-- Information shown --
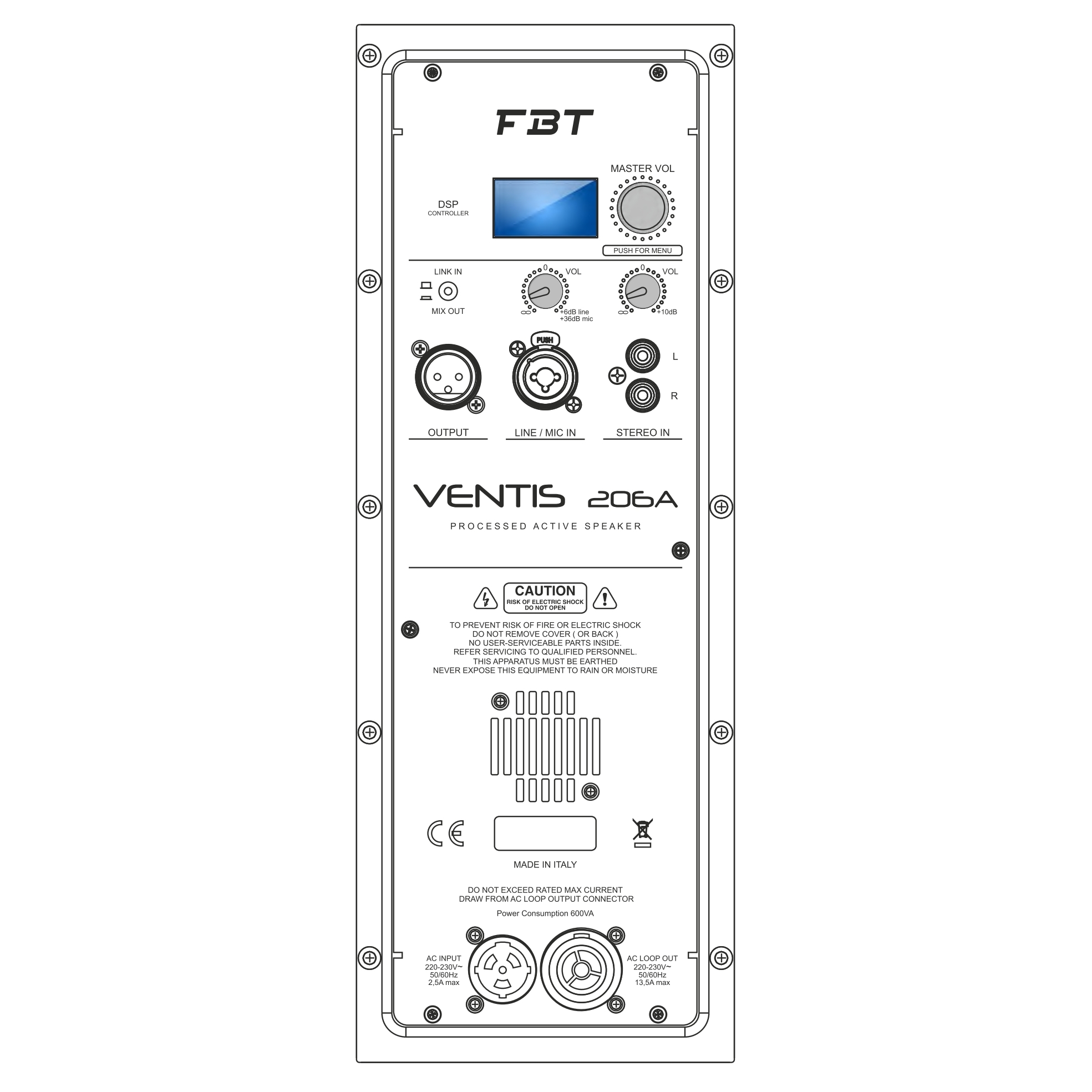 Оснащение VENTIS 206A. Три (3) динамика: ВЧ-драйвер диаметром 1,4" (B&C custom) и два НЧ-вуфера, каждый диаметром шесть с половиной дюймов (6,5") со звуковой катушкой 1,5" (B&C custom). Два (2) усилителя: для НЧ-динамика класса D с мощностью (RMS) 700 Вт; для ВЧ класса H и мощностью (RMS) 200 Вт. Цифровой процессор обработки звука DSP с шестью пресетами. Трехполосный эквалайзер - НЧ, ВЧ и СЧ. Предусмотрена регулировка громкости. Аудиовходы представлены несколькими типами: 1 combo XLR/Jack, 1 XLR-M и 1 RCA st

==

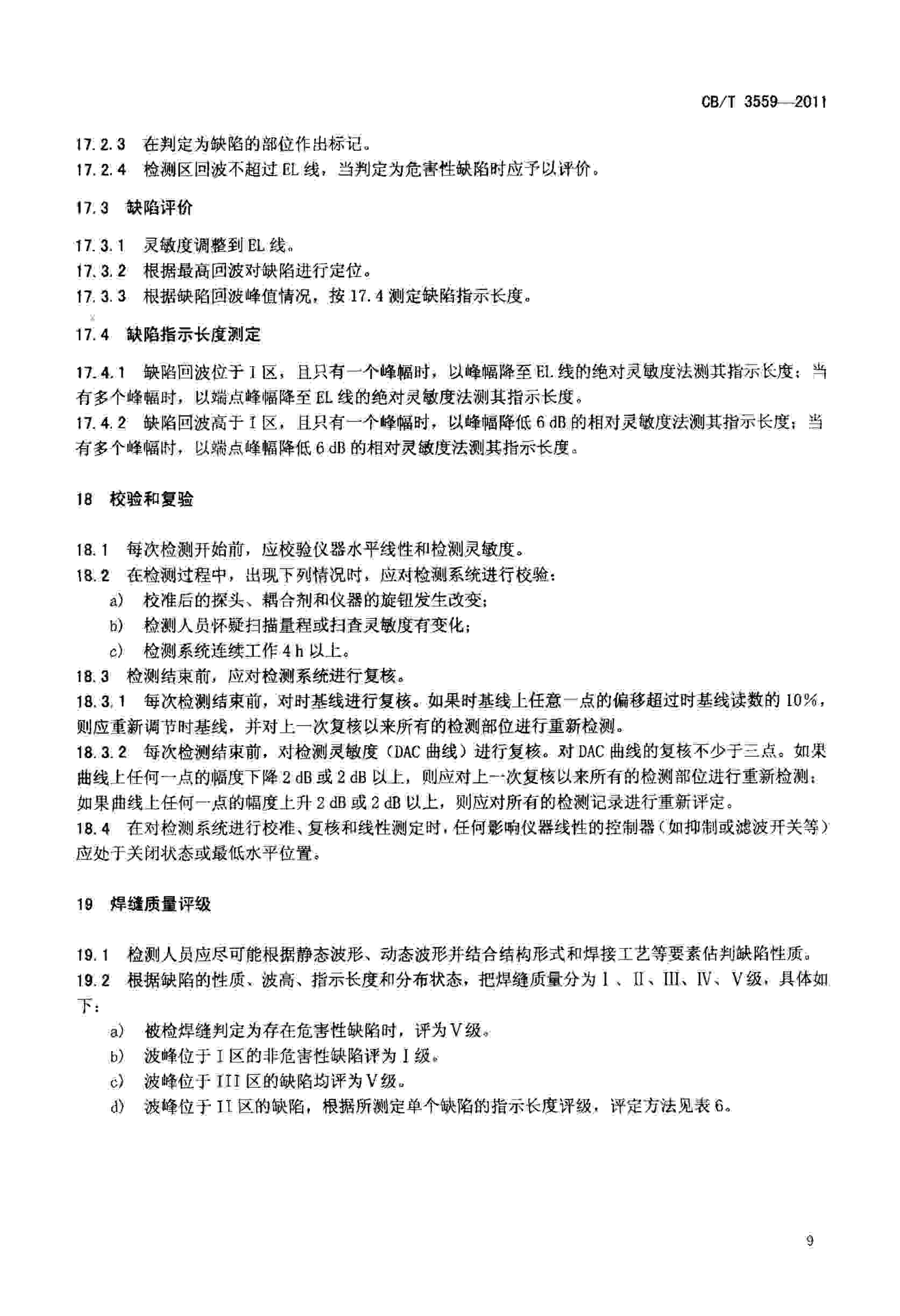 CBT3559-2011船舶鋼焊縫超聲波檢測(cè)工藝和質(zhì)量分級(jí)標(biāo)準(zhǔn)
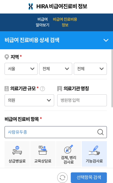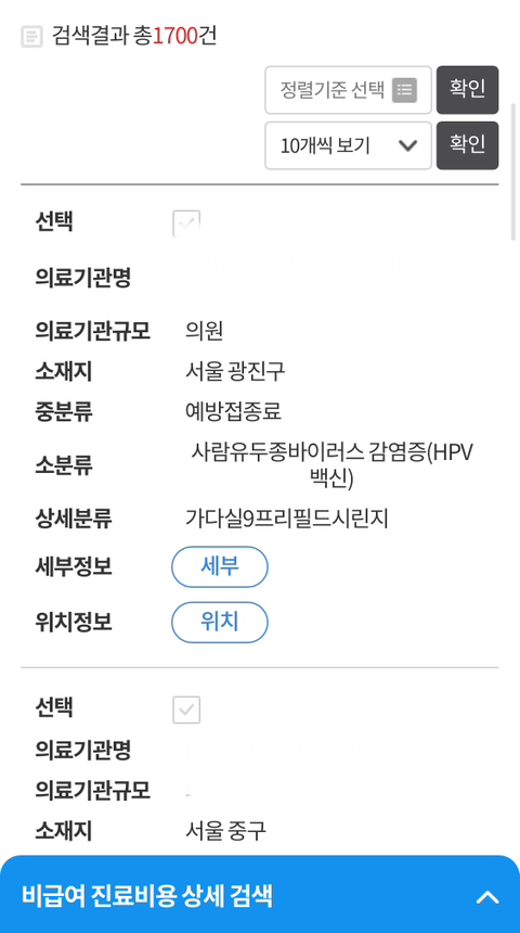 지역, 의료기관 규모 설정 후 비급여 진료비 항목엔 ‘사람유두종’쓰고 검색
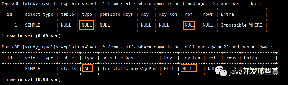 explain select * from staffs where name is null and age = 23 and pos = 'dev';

...

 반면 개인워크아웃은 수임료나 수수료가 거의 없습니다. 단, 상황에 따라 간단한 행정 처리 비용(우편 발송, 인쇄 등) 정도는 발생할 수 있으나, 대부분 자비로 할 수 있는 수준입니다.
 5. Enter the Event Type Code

-- What is needed --
In the entries above, find the line that contains "CBT3559-2011船舶" and the line that contains "explain select *". Reproduce exactly those two lines and every line between them, but not the pictures.

-- Completed task --
 CBT3559-2011船舶鋼焊縫超聲波檢測(cè)工藝和質(zhì)量分級(jí)標(biāo)準(zhǔn)
 지역, 의료기관 규모 설정 후 비급여 진료비 항목엔 ‘사람유두종’쓰고 검색
 explain select * from staffs where name is null and age = 23 and pos = 'dev';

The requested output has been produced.